The façade sets the mood. Situated back from the street, every house on Pembridge Villas is fronted in smooth stucco, bright and white. Texture comes courtesy of moulding: decorative corbels, for instance, or box cornicing for the sash windows, both of which have a faint Italianate flavour. Expanses of glazing work as a quiet counterpoint: dark against the white, glossy against the smooth.
Set between two Doric pilasters, the front door to this place – painted black – leads into a house painted cool white throughout. Yet for every lighter slice, there’s a deft dash of dark. Spot the white sofa dotted with cushions of charcoal velvet; see how the stairs, painted pale, are lined with a runner of the inkiest hue. Even white candles sit in black sticks, such is the owners’ commitment to the monochrome cause.

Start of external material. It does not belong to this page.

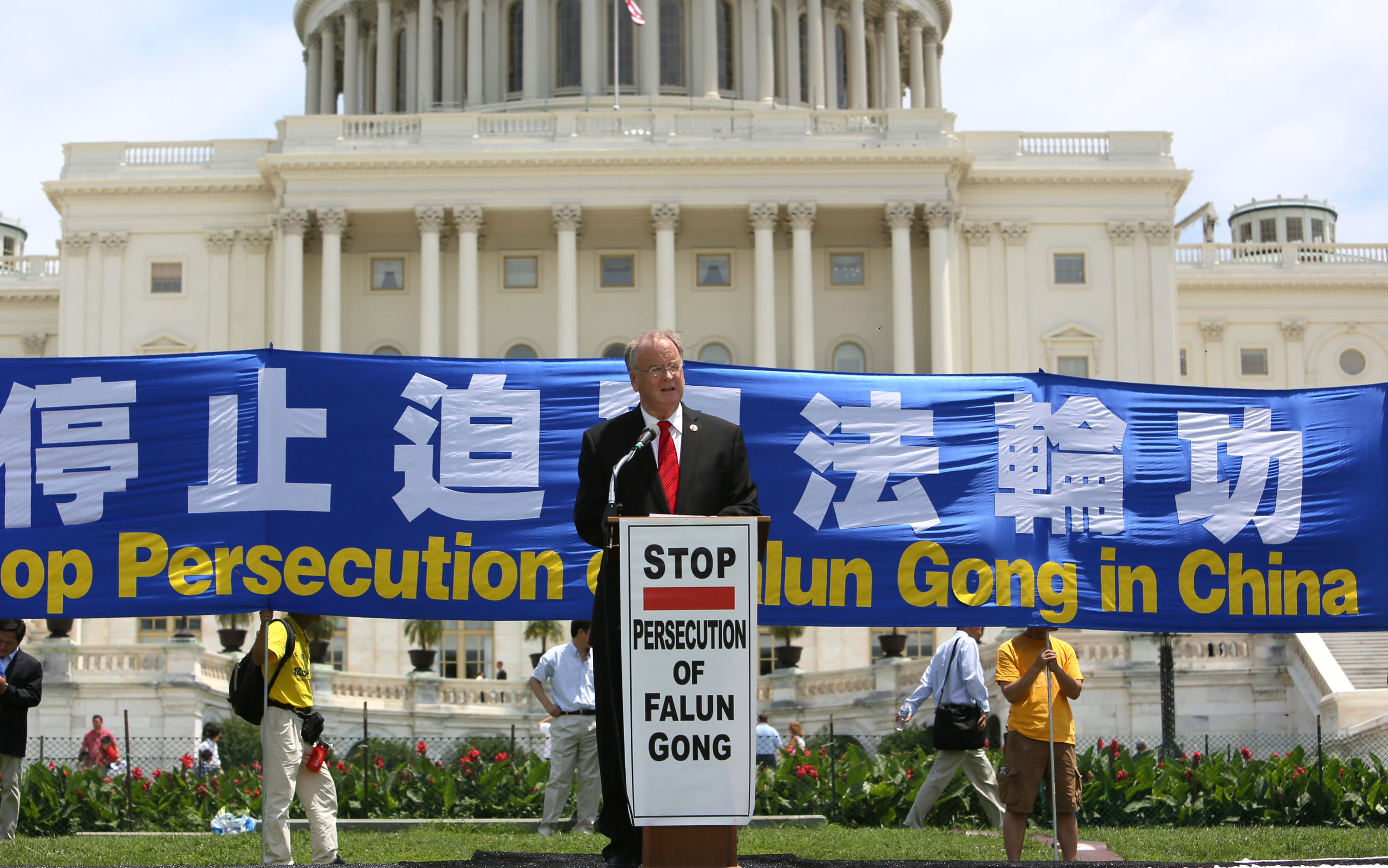 美国会众议院监察委员会主席、美国加州资深国会众议员达纳•罗拉巴克(Dana Rohrabacher),多次参加法轮功华府七二零反迫害活动,他对参加集会的法轮功学员表示“真善忍”代表着宇宙的美好,对世界很重要。“感谢你们的勇气,我们与你们在一起,美国人民的心与你们在一起,美国人民会与你们站在一起。

Tonal variation finds expression on a macro level – a large white wall is punctuated by a contrastingly hued old fireplace, for instance, or dark floors underfoot, as in the dining room. But it’s also seen on a micro scale, for every accessory has been devised to sit within the scheme. We particularly like the marching stripes of the sitting-room rug, lending welcome rhythm to the space.

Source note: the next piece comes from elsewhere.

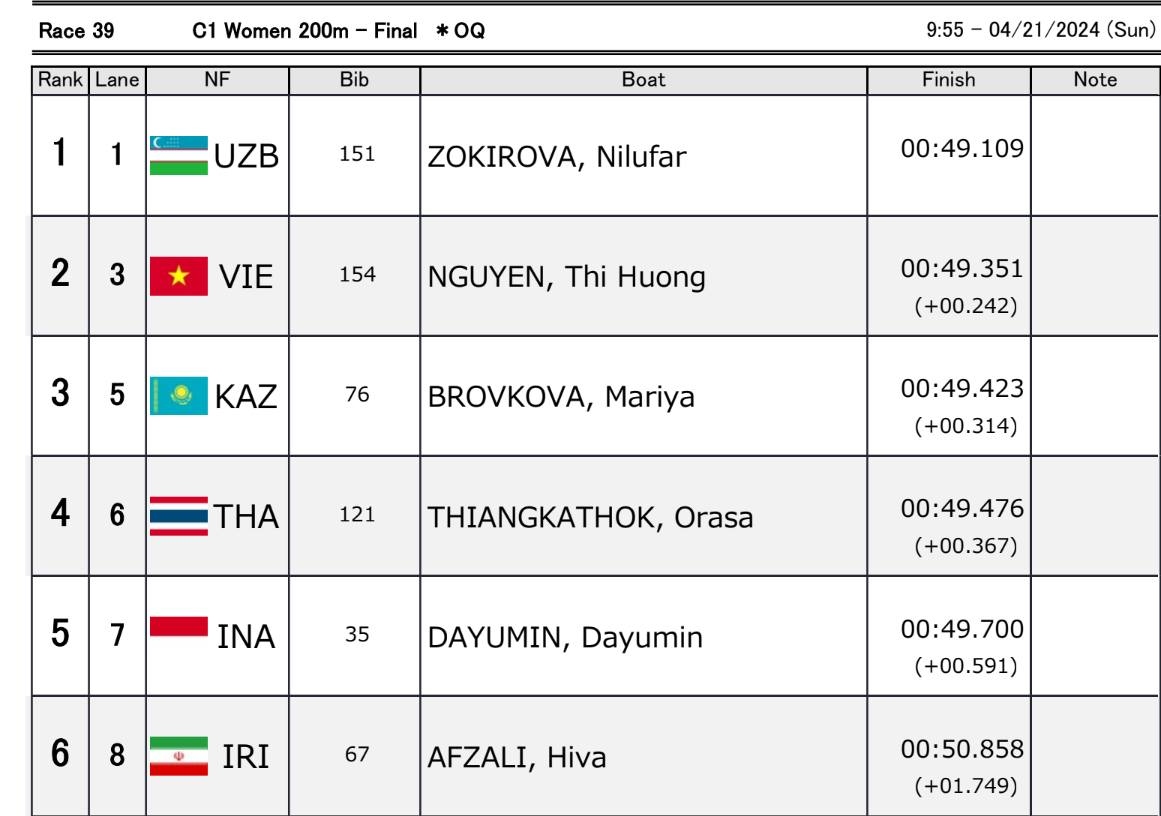 | Bảng thành tích vòng loại Olympic Paris khu vực châu Á nội dung thuyền đơn nữ C1 200m môn Canoeing. |

It may be quiet on the colour front, but this home’s paleness only allows for its personality to shine all the brighter. We particularly enjoy the attention that has been paid to materials here, from a dining-room table in the prettiest pale oak, to the scrunch of jute rugs underfoot. Rattan and bentwood details – from furniture to lighting – bring warmthness along with with their retro vibes, while in an upstairs bedroom, black details have been subbed for neutrals. The effect is softer, more natural and undeniably classy. And everywhere, plants of varying viridescence bring the spaces to life.
Monochrome decorating in its very essence is a balancing act. It’s clear the owners of this house have pulled this one off without a wobble.